Однажды я вернулся домой раньше обычного, в четыре: принес маленькую корзинку китайских деликатесов и цветы, на которые ты могла бы глазеть. В гостиной никого не было. Элен я нашел склонившейся над твоей кроваткой. Твое спящее личико было безмятежно спокойно, но по лицу Элен текли слезы, и она не сразу заметила мое присутствие.
Я обнял ее и, холодея, почувствовал, как медленно она возвращается в мои объятия. Она не захотела рассказать, что ее тревожит, и после нескольких тщетных попыток я не решился больше расспрашивать. В тот вечер она много шутила по поводу принесенной мной еды и гвоздик, но неделю спустя я снова застал ее в слезах, и она снова молчала, просматривая одну из книг Росси, которую он подписал для меня, когда мы только начинали работать вместе. Это была толстая монография, посвященная минойской культуре, и она лежала у Элен на коленях, открытая на фотографии священного алтаря на Крите. Фотографировал сам Росси.
— Где малышка? — спросил я.
Она медленно подняла голову, уставилась на меня, словно забыв, какой нынче год.
— Спит.
Как ни странно, что-то во мне воспротивилось желанию заглянуть в спальню, посмотреть на тебя.
— Дорогая, что случилось?
Я отложил в сторону книгу и обнял Элен, но она покачала головой и ничего не ответила.
Когда я зашел к тебе, ты как раз просыпалась в своей кроватке, лежа на животике и задирая головку, чтобы взглянуть на меня.
Теперь Элен была молчалива почти каждое утро и почти каждый вечер плакала без видимых причин. Говорить со мной она не хотела, и я настоял, чтобы она обратилась к врачу, а потом и к психоаналитику. Врач сказал, что с его точки зрения все в порядке, что на женщин в первые месяцы материнства иногда нападает тоска, но все пройдет, когда она попривыкнет. Слишком поздно, когда один наш приятель наткнулся на Элен в нью-йоркской публичной библиотеке, я выяснил, что к аналитику она вовсе не ходила. Когда я заговорил с ней об этом, она сказала, что решила развлечься исследовательской работой и предпочла использовать свободные часы, когда мы приглашали няню, для этого. Но иногда вечерами она впадала в такую меланхолию, что я твердо решил: ей необходимо сменить обстановку. Я снял со счета немного денег и купил на начало весны билет на самолет во Францию.

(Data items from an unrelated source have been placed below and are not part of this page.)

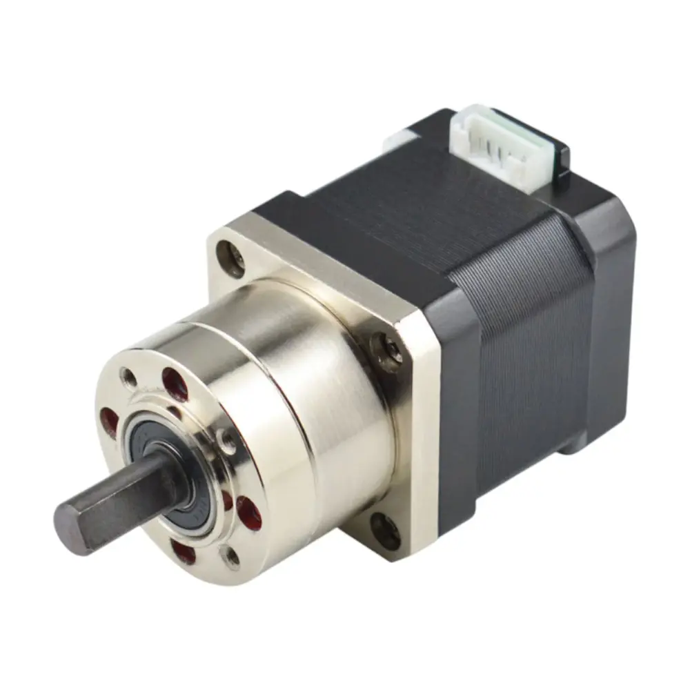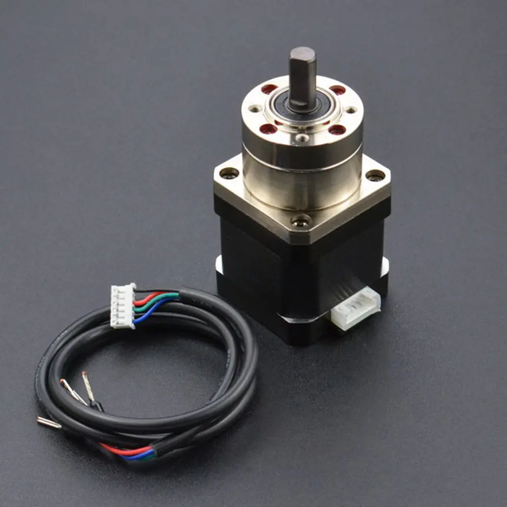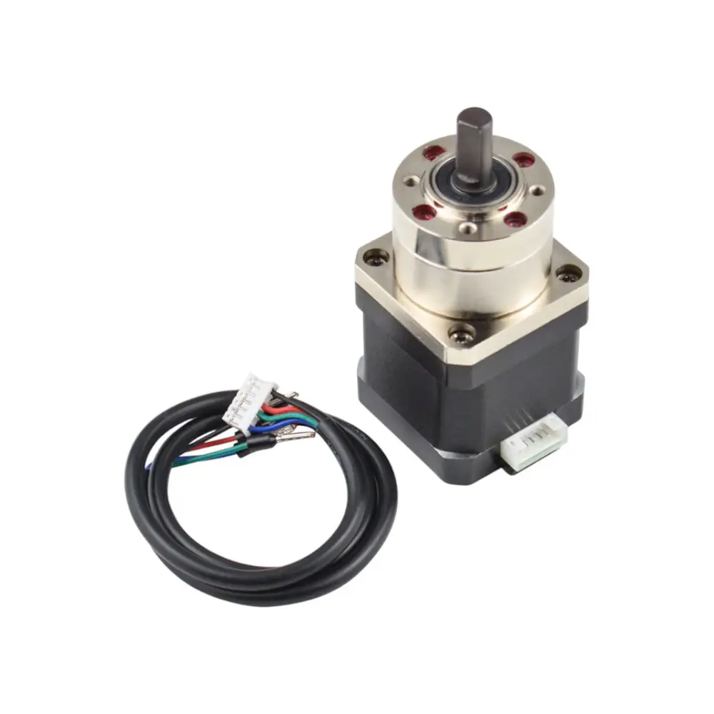 Deze bipolaire stappenmotor levert precisie met een staphoek van 1,8°, wat 200 stappen per omwenteling mogelijk maakt voor een soepele en nauwkeurige positionering. Hij is voorzien van een planetaire tandwielkast met een gear ratio 5,18, wat het output verhoogt en robuuste prestaties mogelijk maakt in veeleisende toepassingen. Bereik een optimaal houdkoppel van 18 kg-cm met een stroomopname van 1,0 A bij 3,4 V per fase.
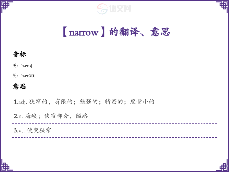 通过上述分析与学方法,可以帮助学者更好地理解和使用“narrow”这个单词。
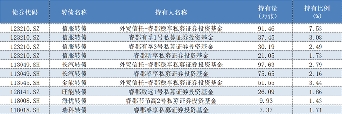 此外,截至去年年底时,睿郡资产相关产品还持有51.55万张金能转债(113545.SH)、26.09万张旺能转债(128141.SZ),还有部分海优转债(118008.SH)和瑞科转债(118018.SH)。
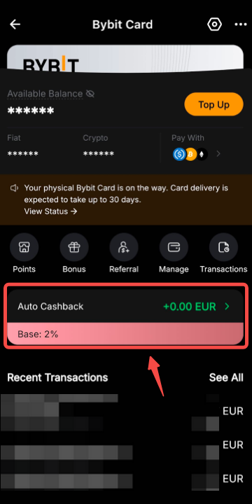 Stap 4: Nadat Auto Cashback met succes is geactiveerd, zie je dat de Bybit Reward Points zijn ingeschakeld voor Auto Cashback op het Bybit Card Dashboard. De punten worden elke dag rond 2 uur 's ochtends omgezet in de gekozen token en bijgeschreven op je financieringsaccount.
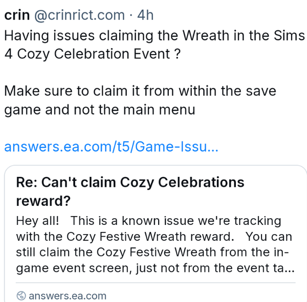 https://answers.ea.com/t5/Bug-Reports/Can-t-claim-Cozy-Celebrations-reward/m-p/14315309#M24148
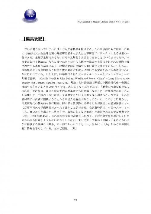 | 収録書籍 | ICCS 現代中国学ジャーナル,第7巻,第2号,6月26日(2014) |
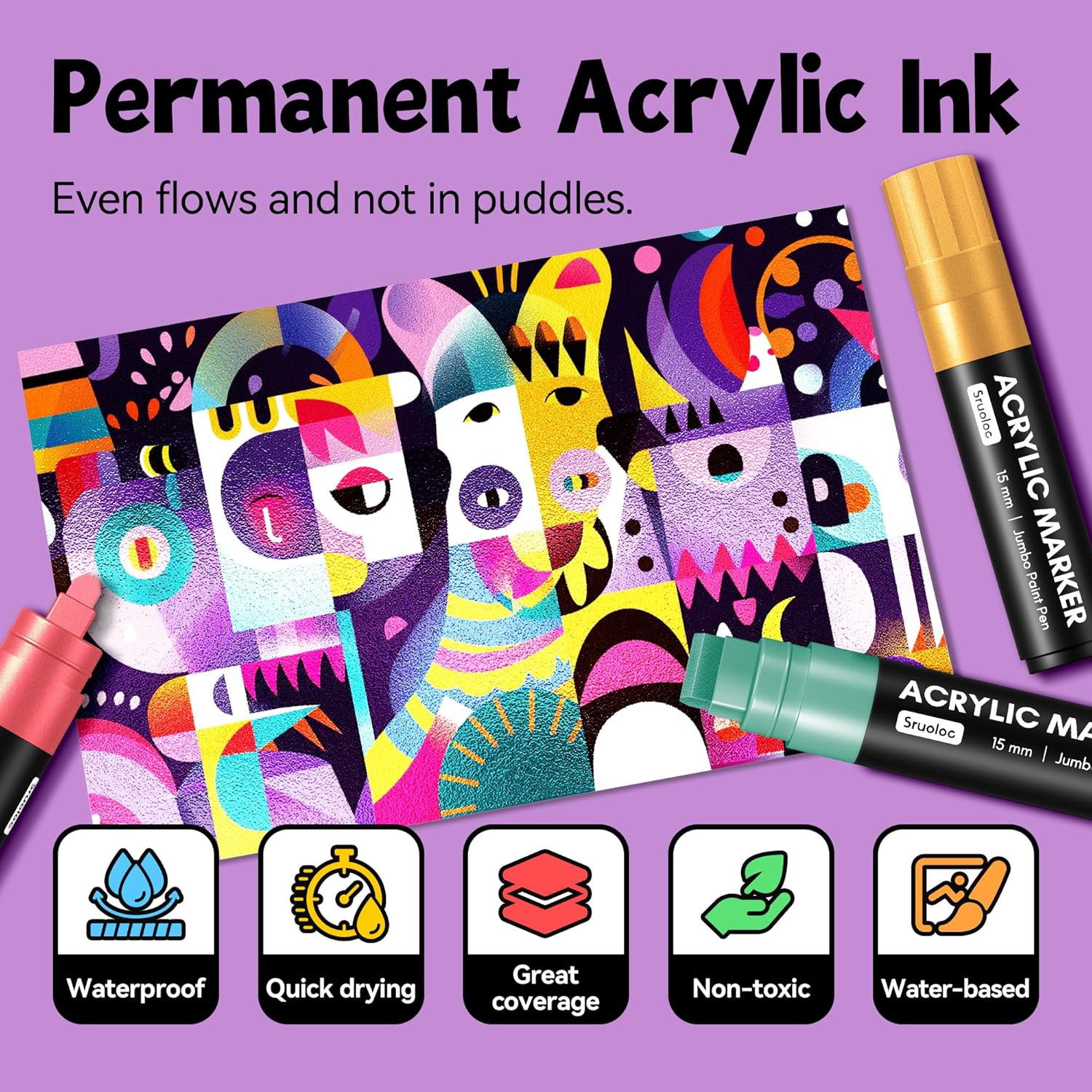 • Jumbo Markers Set: SRUOLOC jumbo markers are made with the highest quality water-based acrylic ink. That is waterproof, quick-drying, permanent , and smooth flow
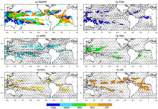 (a) Spatial distribution of lowest sMAPE for ENEB rainy seasons and the composite anomalous winds vectors (m·s−1) for (b) FMA; (c) MAM; (d) AMJ; (e) MJJ; (f) JJA.
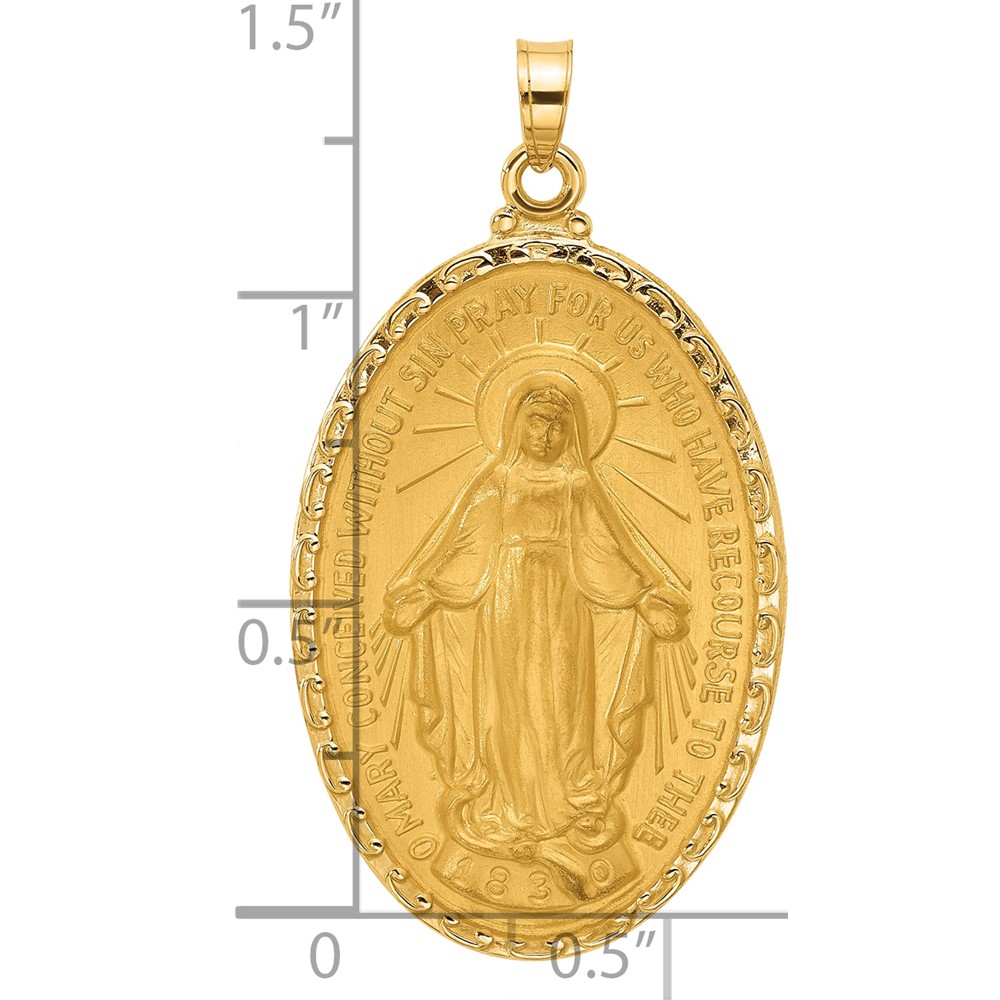 14k Polished and Satin Solid Miraculous Medal Oval Pendant
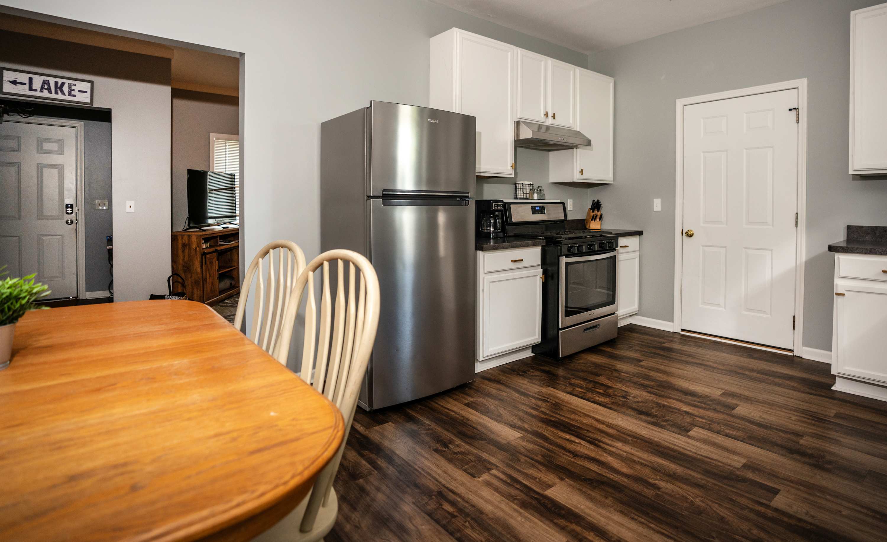 Step inside Three Blocks from Paradise and feel instantly at home. The open-concept living room invites relaxation with a plush sectional and ottoman set perfectly in front of a smart TV—ideal for cozy movie nights or lazy mornings. The kitchen is bright and stylish, featuring crisp white cabinetry, sleek dark countertops, stainless steel appliances, and a Keurig to jumpstart your mornings. Gather around the dining table for six to share meals, play games, or plan your next day’s adventures. When the weather calls, step out onto the deck—complete with a grill—where you can cook up your favorites and enjoy dinner under the open sky.
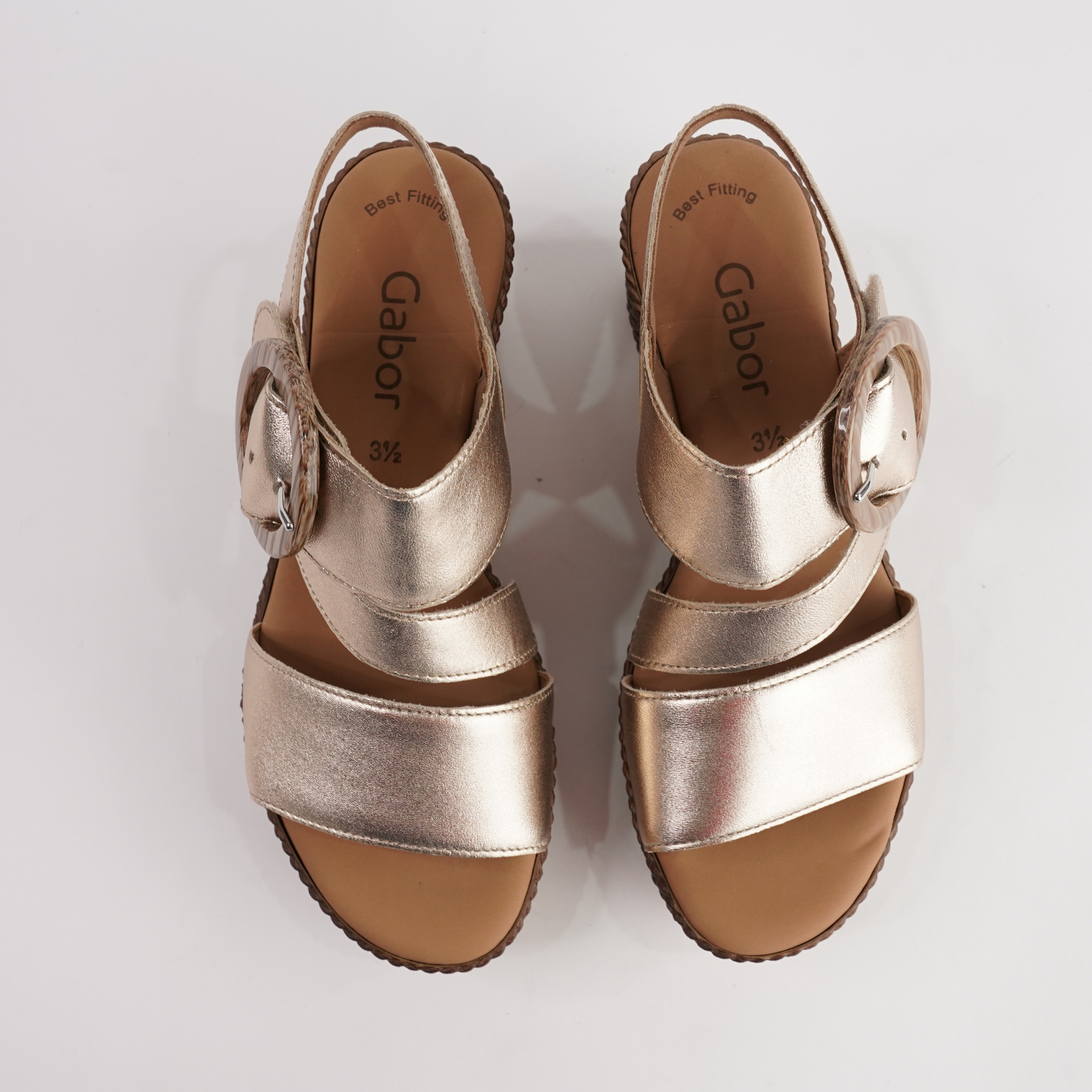 The Thelma Champagne Wedges by Gabor are the perfect blend of elegance and comfort. Crafted in soft leather, these sandals feature wide crossover straps and a bold round buckle detail that adds a touch of sophistication. The woven-effect wedge heel gives natural texture and lift, while the cushioned footbed ensures lasting comfort for all-day wear.

Элен никогда не бывала во Франции, хотя всю жизнь читала о ней и говорила на отличном школьном французском. На Мон-Мартре она казалась веселой и заметила, со свойственной ей в давние времена сухой иронией, что leSacre Соеит1 превзошел ее ожидания своим монументальным уродством. Ей нравилось катать тебя в коляске по цветочному рынку или вдоль Сены, где мы задерживались у лотков букинистов, а ты в мягкой красной шапочке сидела, глядя на реку. В девять месяцев ты оказалась отличной путешественницей, и Элен говорила тебе, что это только начало. Консьержка нашего пансиона оказалась бабушкой множества внучат, и мы оставляли тебя спать под ее присмотром, пока сами поднимали тосты за здоровье друг друга в барах или, не снимая перчаток, пили кофе в уличных кафе. Больше всего Элен — и тебе, судя по блестящим твоим глазенкам, — понравился огромный Нотр-Дам, а потом мы поехали на юг, чтобы осмотреть пещерные внутренности других чудес: Шартрез с его сияющими витражами; Альби с ее дивным красным собором-крепостью, приютом еретиков; дворцы Каркассона.